Les gendarmes enquêtent, l'affaire est troublante : il y a dix ans déjà, Patrick Hervé avait été victime d'un premier incendie chez lui dans les dépendances de la ferme. Il n'y a pas de fumée sans feu ? Au village, certains s'interrogent : les relations entre Patrick et son proche voisin agriculteur, liés, tous deux, par une histoire de viager et de dettes, ne sont pas au beau fixe. Patrick a déposé plainte le jeudi 19 août à la gendarmerie. Il accuse son voisin d'avoir mis le feu. "Cet incendie est criminel", est-il écrit sur le PV d'audition. On raconte que l'agriculteur, un sacré colosse au caractère ombrageux, fait souvent le coup de poing, y compris avec son propre frère avec qui il était en GAEC autrefois, avant que leur association ne tourne au vinaigre. "Un jour, il lui a tiré dessus sur son tracteur." C'était en juillet 2014 : l'agriculteur irascible fut condamné à un an de prison dont huit mois avec sursis.

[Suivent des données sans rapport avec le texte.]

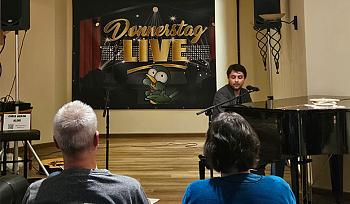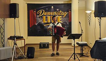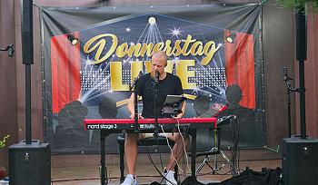 Ein Mann und sein Akkordeon stehen auf der Bühne. Jörg Hauser bringt außerdem noch die gute Laune mit. Heute ist bei Donnerstag live stimmungsvolle Hüttengaudi angesagt und Sie sind eingeladen, wenn beliebte Klassiker und Evergreens unterm Mammutbaum ertönen.

Patrick, depuis qu'il est seul sans ses parents, vit chichement. "J'ai tout perdu, j'ai rendu des services, prêté de l'argent au voisin quand il avait des coups durs. En ce temps-là, il m'aimait bien." Tellement bien que Patrick avait décidé de lui vendre sa maison en viager. "Cela me faisait un petit complément de retraite." Quand les dépendances ont brulé il y a dix ans, le voisin lié par son viager a touché une grosse indemnité et Patrick, lui, a été placé sous curatelle. "J'attends toujours que le voisin me rembourse." Une procédure est en cours pour régler le litige.

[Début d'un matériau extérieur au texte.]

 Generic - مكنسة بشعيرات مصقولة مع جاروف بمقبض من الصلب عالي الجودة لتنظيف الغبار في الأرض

C'est l'Association Tutélaire des Majeurs Protégés du Calvados, qui gère désormais son quotidien. L'association accompagne les personnes jugées vulnérables. Avec la mairie de Castilly, elle s'est chargée de reloger le vieux garçon. Juste après l'incendie, Patrick a séjourné à l'hôtel de France à Isigny-sur-Mer dans une toute petite chambre avec un simple lit, un coin toilettes et une télé accrochée au mur. Il passe son temps à regarder la télé, trouve le sommeil en prenant un cachet chaque soir pour s'endormir. Depuis peu, la commune lui a retrouvé un logement près de l'ancienne école. Patrick prend les choses comme elles viennent. "Moi, j'ai toujours eu une vie tranquille. Je ne me plains pas. Il y a d'autres plus malheureux que moi. Je ne suis attaché à rien. Ma vie a toujours été comme cela. Il arrive ce qui doit arriver."
Patrick ne reverra peut-être jamais plus sa maison. "Elle était pourtant très belle." Aujourd'hui, elle n'est plus grand chose, les murs cachent la misère. Toute une vie partie en fumée.